Appel à contributions

A quelles questions cherchons-nous réponse ?

Tous les trois ans, les associations française, belge et suisse de recherche en éducation (AECSE, ABC-Educ et SSRE) organisent un congrès international d’Actualité de la Recherche en Éducation et en Formation (AREF). La quatrième édition de ce congrès se tiendra à Mons (Belgique) du 4 au 7 juillet 2016.

Ce congrès francophone s'adresse à toute personne menant un travail de recherche dans le cadre de sa profession ou de son engagement (enseignant-e-s-chercheurs-es, membres de services d'étude, chercheur-e-s, etc). L'AREF est ainsi un lieu d'échange ouvert à toutes les disciplines et à tous les thèmes relatifs à l'éducation ou à la formation. Il se structure en un grand nombre de symposiums thématiques, complétés par des conférences plénières et des tables rondes. Le but est de faire le point sur les travaux les plus récents au sein de la francophonie.

Chaque chercheur-e est invité-e à présenter ses recherches en cours ou terminées, selon le dispositif classique d'une communication d'une vingtaine de minutes où sont présentés le contexte, la problématique, les référents théoriques, la méthodologie et les résultats.

Le thème transversal de cette édition est quant à lui traité dans les conférences et tables rondes, mais aussi dans les symposiums : il est en effet demandé de consacrer 30 à 60 minutes au traitement de ce thème dans chaque symposium, et de réserver une part marginale de chaque communication au thème transversal.

Thème transversal : À quelles questions cherchons-nous réponse ?

Avec un tel titre, les participant-e-s sont invité-e-s à compléter la présentation et la discussion de leurs recherche par une démarche réflexive à propos de leurs questions de recherche : quels processus et facteurs les ont conduits à se poser les questions qu'ils/elles se posent ? Pour qui ces questions sont-elles pertinentes ? A quels enjeux sont-elles liées ? Le congrès AREF 2016 invite donc les acteurs à se poser des questions sur leurs questions de recherche, dans une triple démarche de compréhension, d'évaluation et de proposition.

Comprendre

Le contexte sociétal et les conditions de travail du chercheur ou de la chercheuse, tant autant que les paradigmes de sa discipline, son réseau d'interactions, ses sources de financement, son histoire personnelle et ses valeurs structurent son questionnement. Les questions qu'il ou elle se pose ne viennent pas de nulle part. Elles ont une genèse, trop peu souvent interrogée et investiguée. Une genèse souvent complexe, difficile à démêler, faite notamment d'acteurs, de contextes et de paradigmes, en plus de paramètres plus personnels.

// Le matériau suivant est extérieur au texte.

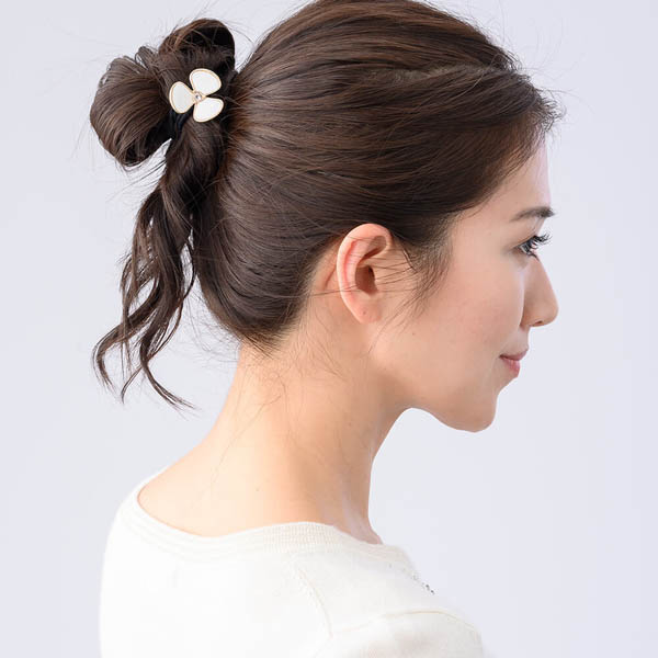 艶やかなシェルパーツが花びらのように広がる、上品な存在感のポニー。 やわらかな光をたたえるシェルに、繊細な輝きを添え、中央で凛としたきらめきを放つフラワーモチーフに仕上げました。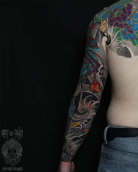 Татуировка мужская япония тату-рукав волк, лотосы, карп (Юрий Хандрыкин) 4335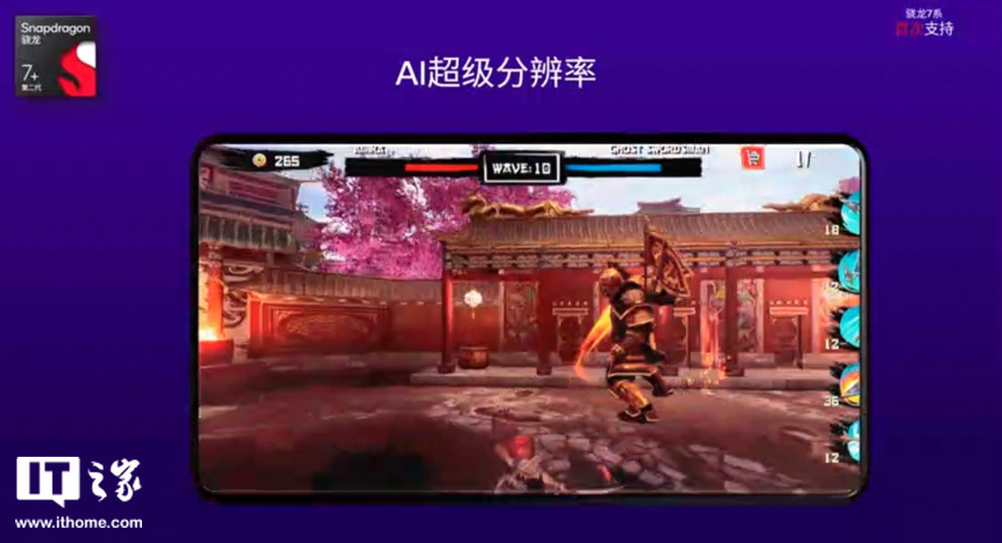 同时高通还首次在骁龙 7 系支持了 AI 超级分辨率特性,简称 AI 超分。它基于已经训练的 AI 超分神经网络模型,结合相应的游戏,可以进一步提升游戏分辨率,比如从原来的 720p 扩展到 1080p 甚至更高,从而提升整个游戏的画质。
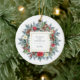 This beautiful ornament features a lovely watercolor style holiday wreath with green pine leaves and branches, red Christmas berries, pine cones, and red and cream colored flowers.. A square frame with a faux gold border is in the center, and you can personalize with your baby's name and any message or year by using the template.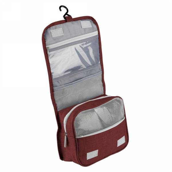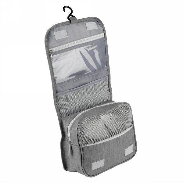 Cosmetic bag with numerous compartments, zipped main compartment, 1 mesh pocket, front and transparent pocket with zipper, hook for hanging included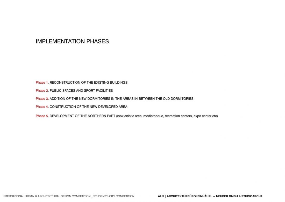 This fifth phase will include the new development of the northern part of Student’s City. It will be dedicated to the construction of three new other hybrid dormitories and the development of a new artistic area, mediatheque, recreation centers, expo center that will elaborate in relation to the central library and art center.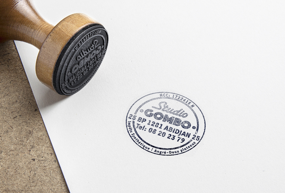 Création du logo, des cartes de visite et tampon du Studio Gombo à Abidjan. Studio Gombo, Abidjan, Côte d’Ivoire, 2017 - 2018.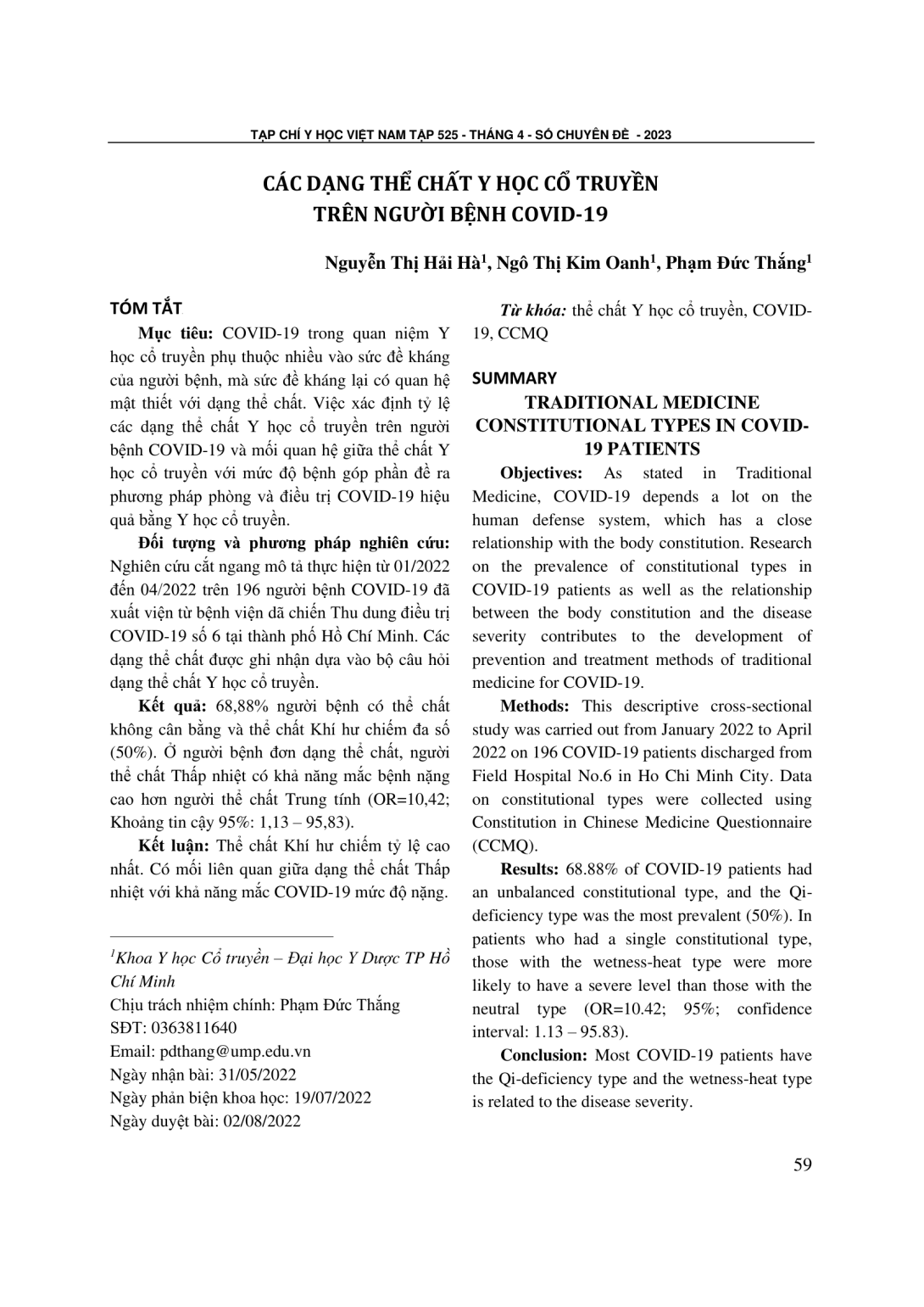COVID-19 trong quan niệm Y học cổ truyền phụ thuộc nhiều vào sức đề kháng của người bệnh, mà sức đề kháng lại có quan hệ mật thiết với dạng thể chất. Việc xác định tỷ lệ các dạng thể chất Y học cổ truyền trên người bệnh COVID-19 và mối quan hệ giữa thể chất Y học cổ truyền với mức độ bệnh góp phần đề ra phương pháp phòng và điều trị COVID-19 hiệu quả bằng Y học cổ truyền. Nghiên cứu cắt ngang mô tả thực hiện từ 01/2022 đến 04/2022 trên 196 người bệnh COVID-19 đã xuất viện từ bệnh viện dã chiến Thu dung điều trị COVID-19 số 6 tại thành phố Hồ Chí Minh. Các dạng thể chất được ghi nhận dựa vào bộ câu hỏi dạng thể chất Y học cổ truyền. 68,88% người bệnh có thể chất không cân bằng và thể chất Khí hư chiếm đa số (50%). Ở người bệnh đơn dạng thể chất, người thể chất Thấp nhiệt có khả năng mắc bệnh nặng cao hơn người thể chất Trung tính (OR=10,42; Khoảng tin cậy 95%: 1,13 – 95,83). Thể chất Khí hư chiếm tỷ lệ cao nhất. Có mối liên quan giữa dạng thể chất Thấp nhiệt với khả năng mắc COVID-19 mức độ nặng.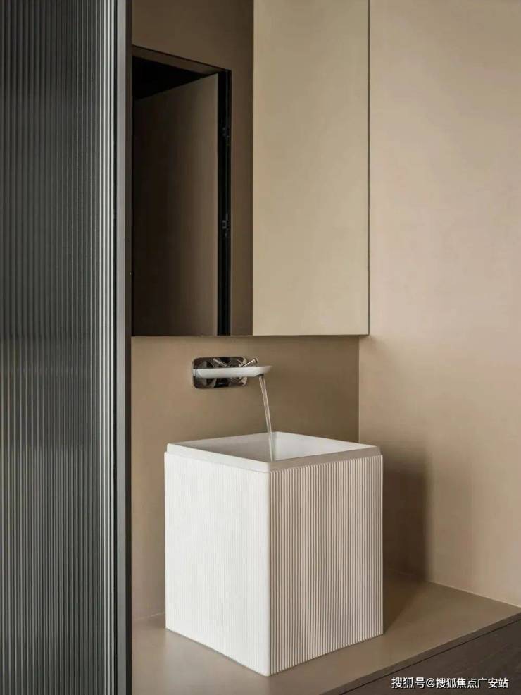 近活动室一侧安装洗手池,上方定制满墙浴室镜,增加视野明亮度,单人台盆有颜值且方便使用,左手边为原洗手间区域,让渡一部分空间给走道后,打造为马桶及淋浴区,实现干湿分离,功能齐全且合理利用空间。
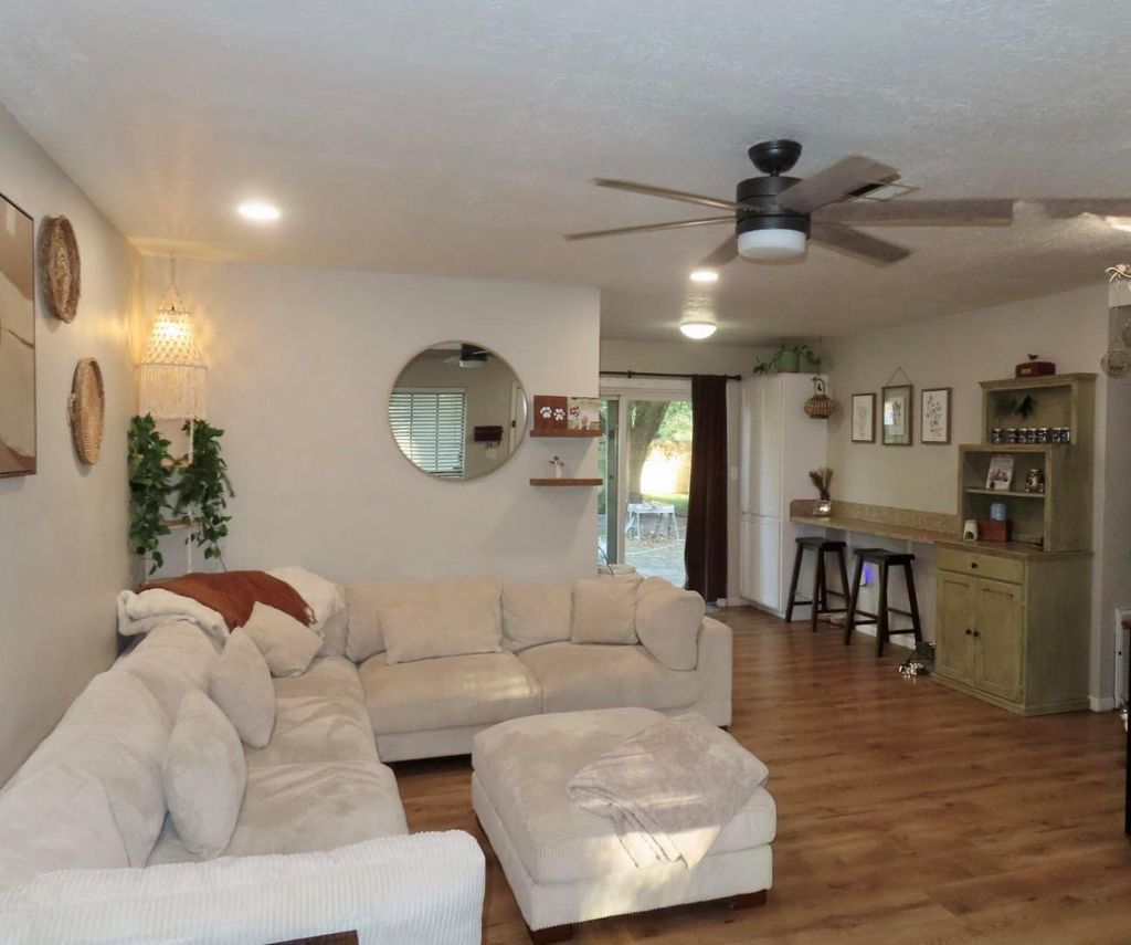 Located in the Hardin-Jefferson school district, this charming 3-bedroom, 1.5-bath home is move-in ready and offers a bright, open-concept layout with spacious living areas. The seamless flow between the living, dining, and kitchen spaces creates a comfortable and functional setting for everyday living. The home features a warm and welcoming interior, great curb appeal, and a backyard shaded by mature trees, perfect for relaxing and unwinding. This is a great opportunity you don't want to miss!

Des acteurs d'abord, puisque, presque toujours, l'autonomie du chercheur ou de la chercheuse en matière de définition des questions de recherche n'est que partielle. Il/elle doit en effet composer avec des demandes et des attentes plus ou moins explicites et contraignantes, qui peuvent d'ailleurs se révéler en tension voire en contradiction entre elles. Il n'est pas certain en effet que les demandes et attentes des financeurs, des évaluateurs, des collègues, des "sujets" de recherche… et des chercheur-e-s mêmes soient concordantes. Comment l'équipe de chercheurs composent-elle avec ces souhaits divers ? Comment les hiérarchise-t-elle ? En quoi les interventions de ces divers acteurs l’amènent-elle à appauvrir le questionnement de départ, ou au contraire à l'améliorer, l'affiner, le réorienter positivement ? Comment se "jouent" ces "négociations" plus ou moins explicites ? Comment les chercheur-e-s s'arrangent-ils avec les cadrages que d'autres leur proposent ou tentent de leur imposer ?

Les contextes dans lesquels évoluent les chercheur-e-s ne sont pas non plus sans impact sur les questions qu'ils se posent.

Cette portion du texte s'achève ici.